Kibera is most often pictured by outsiders. Here, the young people who live it hold the camera.
This Is Where We're From is a participatory youth photography project in Kibera, Nairobi, led by photographer Brian Otieno. Over six months, ten to twelve adolescents aged 12–19 are mentored in photography and storytelling — learning to document their daily lives, their families and their streets with intention and pride.
The work builds on more than a decade of trust through Kibera Stories, and hands a new generation the tools to picture home for themselves — not as victims of circumstance, but as authors of their own story. It grows into workshops, a photo-zine, a community exhibition and a short documentary.

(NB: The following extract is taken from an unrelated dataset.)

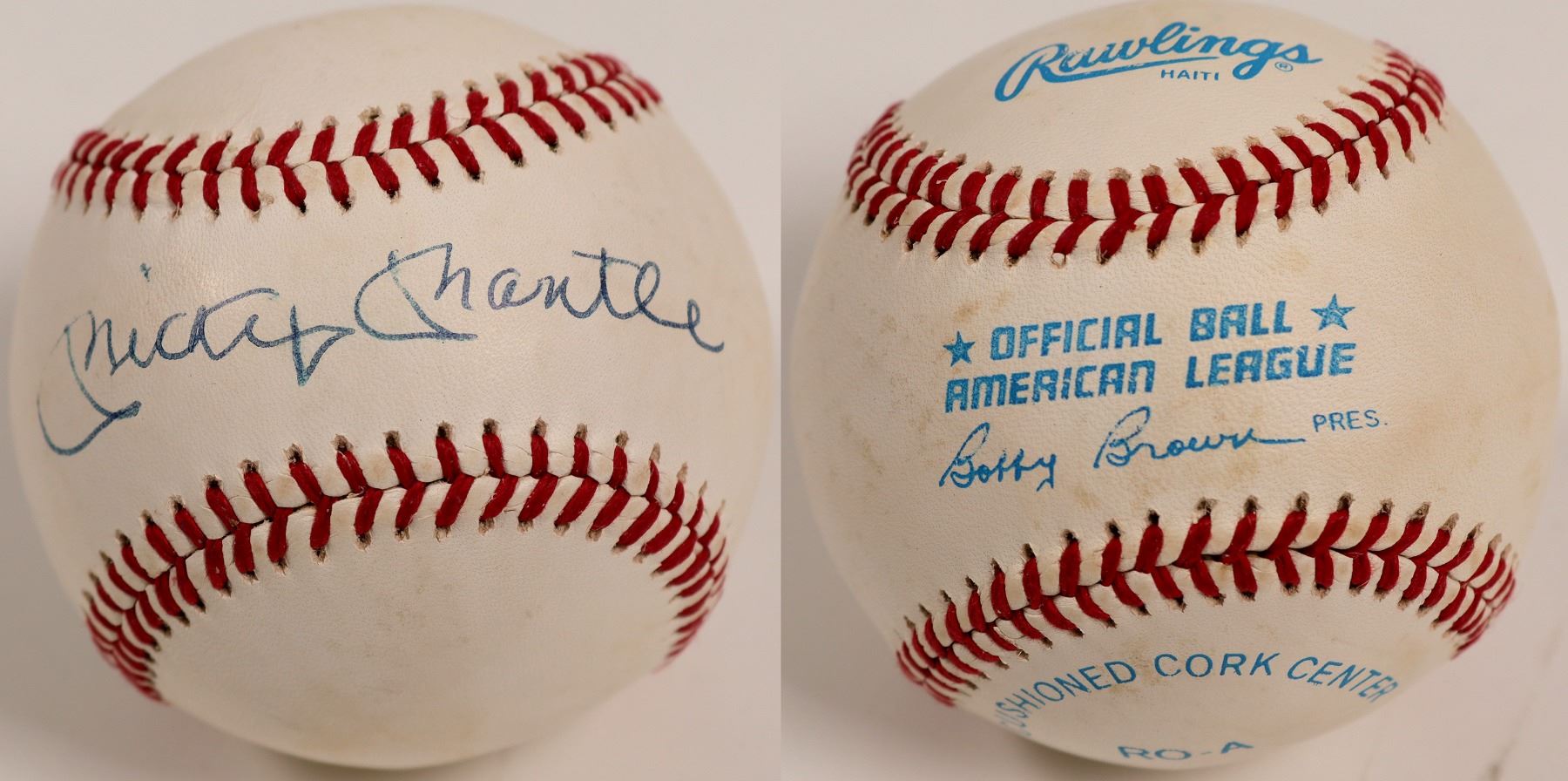 This signed baseball by Mickey Mantle of the New York Yankees. The ball comes in a clear plastic display. Signature in blue ink on the center of the ball. Rawlings baseball RO-A. Ball has a bit of wear.

Narrative inequality — Kibera is overwhelmingly pictured and explained by outsiders, so the story of the place is told by people who do not live it.
The equitable distribution of storytelling power — handing the camera, and the authorship, to the people who call Kibera home.
How change happens
- 1Young people get the tools to document their own lives
- 2They see themselves as storytellers and authors, not subjects
- 3Identity, confidence and belonging grow
- 4More authentic representations of Kibera are made
- 5Audiences — and the community — understand the place differently
- 6Narrative power shifts from outsiders to community members
If young people are given the tools to document their own lives, they begin seeing themselves as storytellers and authors rather than subjects — which strengthens their identity, confidence and sense of belonging, while producing more authentic representations of Kibera. That, in turn, influences how audiences and the community itself understand the place, ultimately shifting narrative power from outsiders to community members.
How the work comes together
- 01 Learn Workshops in camera craft, light, story and consent.
- 02 Shoot Young people photograph their own lives, streets and families.
- 03 Edit Together they sequence and caption the strongest work.
- 04 Show A community exhibition in Kibera and the photo-zine.
- 05 Share The archive grows and the story travels.